Opportunities for aspiring doctor-poets

This may be a real niche population–medical students who are also poets–but for this group there are two no-cost contests coming up with December 31 deadlines.

First, the William Carlos Williams Poetry Competition, sponsored by the Human Values in Medicine Program of the Northeastern Ohio Universities College of Medicine (NEOUCOM), is open to students attending schools of medicine or osteopathy in the United States and Canada. The contest’s final judge is John Stone, M.D., poet and essayist from Emory University School of Medicine. The top three poems will be considered for publication in the Journal of Medical Humanities and will be awarded $300, $200, and $100, respectively. The three winners will also be invited to read their poems at NEOUCOM in April (expenses paid). For more information about this contest (including submission instructions), visit the NEOUCOM website.

And second, “medical undergraduates currently enrolled in accredited U.S. medical schools” may submit poetry for the Baylor College of Medicine’s annual Michael E. DeBakey Medical Student Poetry Award. This competition awards the top winner a cash prize of $1,000; the second- and third-prize winner receive $500 and $300, respectively. Note that “All winning poems become the property of the Michael E. DeBakey Medical Student Poetry Award program.” The first-prize poem will also be submitted for possible publication in “a major medical periodical.” For more information, click here.

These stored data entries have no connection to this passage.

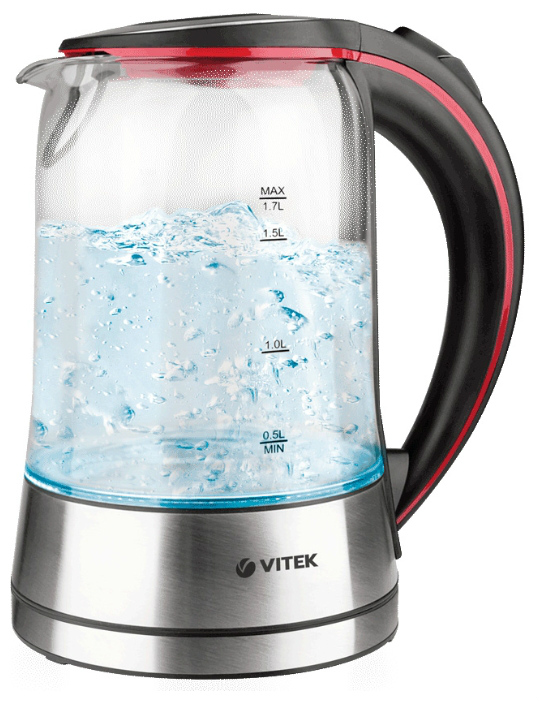 Электрочайник VITEK VT-7009 Тип обычный Мощность 2200 Вт Объем 1,7 л Тип нагревательного элемента скрытый (диск) Индикатор уровня воды есть Материал корпуса стекло Защита от перегрева есть Функции автоотключение при закипании Подогрев до заданной температуры нет Отсек для кабеля есть Особенности Подсветка Материал фильтра: нейлон Аксессуары фильтр Цвет нерж. сталь/черный/красный Страна производитель: Китай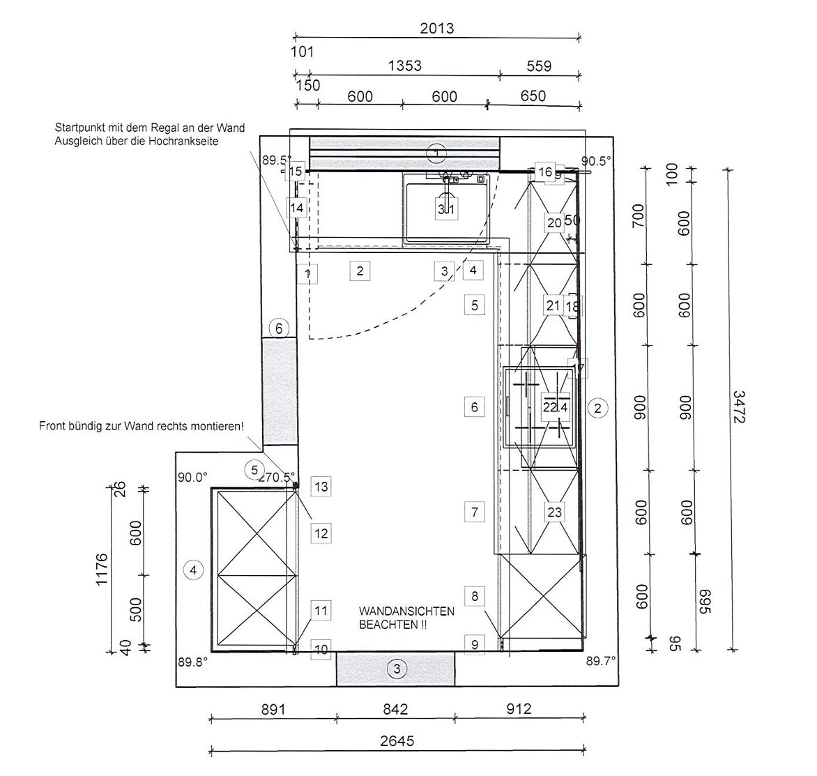 Diskutiere Küchenwände im Baumurks in Wort und Bild Forum im Bereich Rund um den Bau; Ist es gemäß DIN 18202 zulässig, dass der Winkel in der oberen rechten Ecke 90,5 Grad beträgt, was über 3,5 Meter eine Abweichung von 3 cm...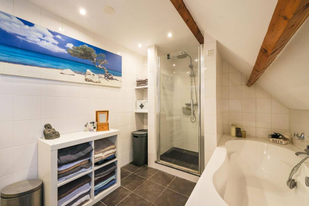 Aan de voorzijde vindt u de badkamer die is voorzien van een dakkapel waardoor er veel licht en ruimte is. Hier kunt u genieten van een ligbad, een ruime inloopdouche met stortdouche en een net wastafelmeubel. Een comfortabele ruimte waar ontspanning centraal staat. Naast de badkamer bevindt zich een aparte kamer met een toilet en de aansluitingen voor wasmachine en droger – praktisch en functioneel ingedeeld. Bovendien is er nog een vliering aanwezig, ideaal voor het opbergen van spullen die u niet dagelijks nodig heeft.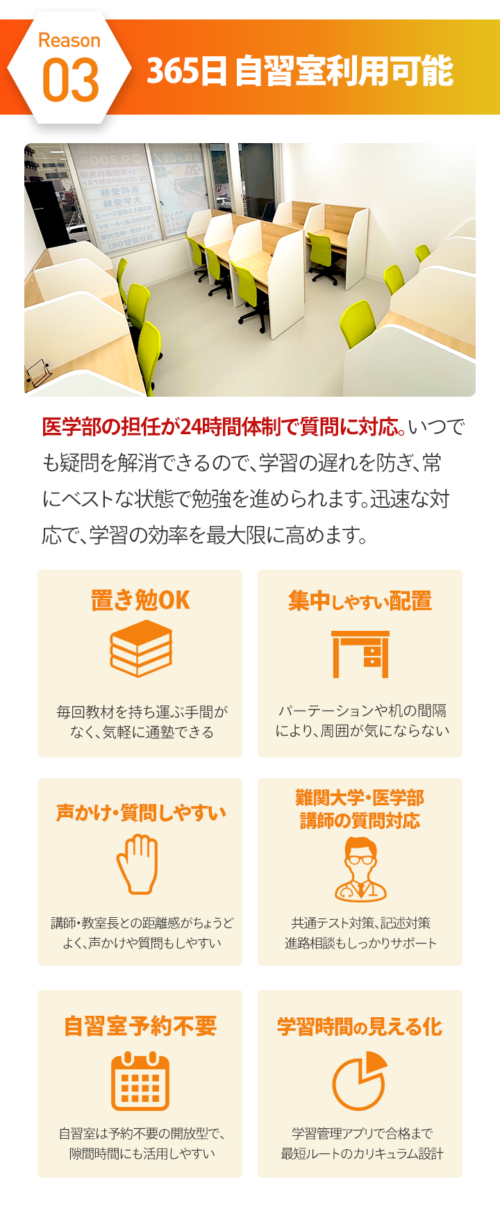 自習室は365日、06:00から22:00まで利用可能です。集中して勉強できる環境が整っており、質問があればすぐに対応できる体制が整っています。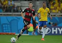 - Here's Toni Kroos. Sami Khedira. Now Müller. Free kick's going to be given Brazil's way; this is turbocharged.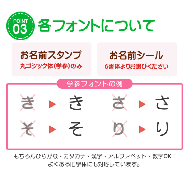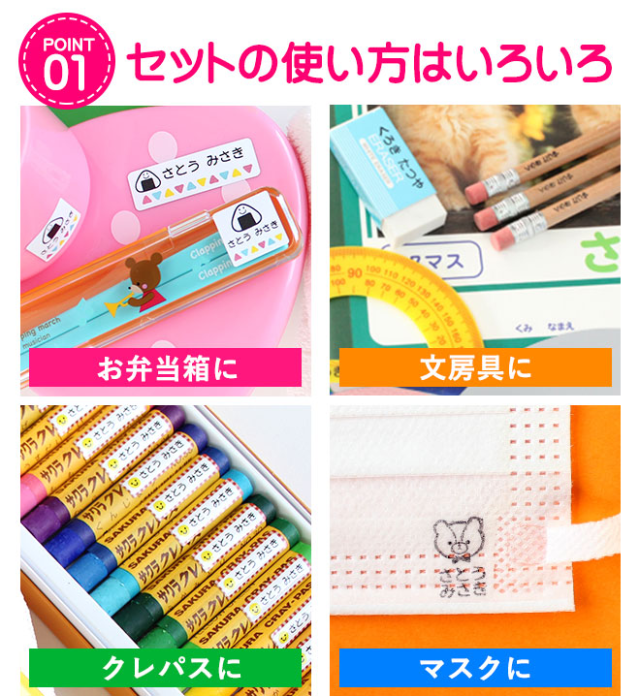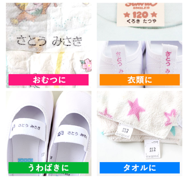 - ハンコで押した名前や絵柄も洗濯してもそんなに消えることなく使えています。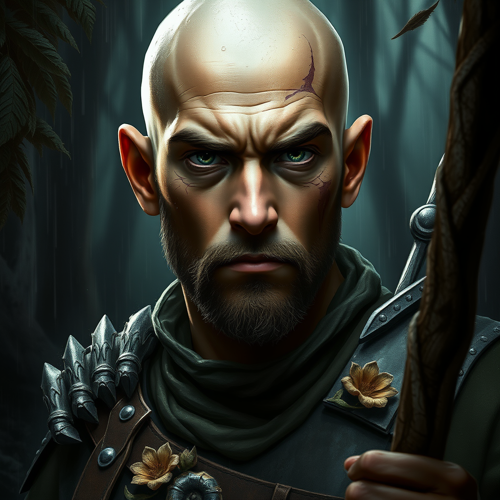 Portrait of a rugged young ranger with a piercing gaze, clad in weathered armor, his expression stern and determined. The scene is set in a dense, shadowed forest, rich with dark tones, exuding an air of mystery. His bald head and grizzled appearance convey a life of hardship and resilience. The composition captures a full-body action shot, with dynamic posturing that suggests readiness and agility. Rendered in exquisite detail, every pore and feature is sharply defined, reminiscent of high-quality digital art seen on platforms like ArtStation. This piece draws inspiration from masters such as Artgerm, WLOP, Ilya Kuvshinov, Greg Rutkowski, and Alphonse Mucha. The setting is a fantastical, majestic environment cluttered with natural elements, painted with a touch of decadence. The atmosphere is heavy with rain, tiny droplets suspended in the dim light, and dramatic two-toned illumination accentuates the figure's form. Subtle flower motifs and facial markings add a layer of intrigue. This illustration embodies smooth, sharp focus typical of concept art, yet eschews common pitfalls like asymmetry and disproportions, maintaining clarity and coherence without extraneous visual distractions. Every element, from realistic hands to the ambient haze, is rendered with an artist's precision, free from digital artifacts, ensuring an immersive, high-quality experience.

Competition for Graduate Student Writers

Touchstone, Kansas State University’s Literary Journal, is currently accepting submissions from graduate students from any creative writing program in the United States (the KSU English MA program is excluded). Poems, short stories, and creative nonfiction essays are all welcome. There will be one winner in each genre, who will have his/her work published and will win $50 and two copies of the journal. Submissions must be postmarked or e-mailed by November 11, 2005. There is no entry fee. For more information and full submission guidelines, visit the website.

Just a Reminder: Deadline Approaching!

This is just a reminder that Monday, September 19 is the postmark deadline if you’re planning to submit work to the Gwendolyn Brooks Center 2005 Literary Awards (previously mentioned in our July Practicing Writer newsletter). These annual awards in creative writing and criticism are offered in conjunction with the Gwendolyn Brooks Writers’ Conference, which will take place this year October 19-22 at Chicago State University. Seven prizes in poetry, fiction, script writing, and literary criticism will be awarded as part of the Center’s “continuing efforts to encourage writing that explores, explicates, embraces, and celebrates the richness of Black World Culture.” See the website for specific descriptions of each award, including information on eligibility and honoraria. NO ENTRY FEE INDICATED.

New Prize for UK Short Story Writers

This is pretty big news. There’s a new annual competition “aimed at re-establishing the importance of the British short story” and wow, is there money to back the mission.

According to the website, the new award “is a collaboration between NESTA (the National Endowment for Science, Technology, and the Arts), BBC Radio 4 and Prospect magazine, and it’s funded by NESTA. It is administered in conjunction with Booktrust and Scottish Booktrust. The first winners will be announced in May 2006.”

The site continues: “The National Short Story Prize will be the largest award in the world for a single story. The winning award is worth £15,000, and there will be a runner up award of £3,000. Three further shortlisted authors will receive awards of £500 each.”

Entries must be received by November 30. For more details, including the entry form and the extensive list of terms and conditions (note that the competition is only open to “authors with a previous record of publication who are either UK nationals or residents. Entries may be stories published during 2005 or previously unpublished”) again, check the website. NO ENTRY FEE INDICATED.

And for more information about short stories, check out story, Booktrust’s “campaign to celebrate the short story.” A very interesting resource!

Attention, North Carolina Short Story Writers!

Billed as “the largest no-entry-fee fiction contest in North Carolina (maybe even in the South, we suspect),” the North Carolina State University Short Story Contests program invites submissions in two categories.

The Short Fiction Category (5000-word limit, no more than 20 pp. double-spaced), awards the Brenda L. Smart Grand Prize of $500. The Short-Short Story Category (1200-word limit, no more than 5 pp. double-spaced), awards the Brenda L. Smart Award for Short Fiction of $300. Lee Smith will be this year’s guest judge.

Be sure to check the full guidelines here, among them, the requirement that you must be an N.C. resident. Deadline for submission: October 17, 2005 (postmarked).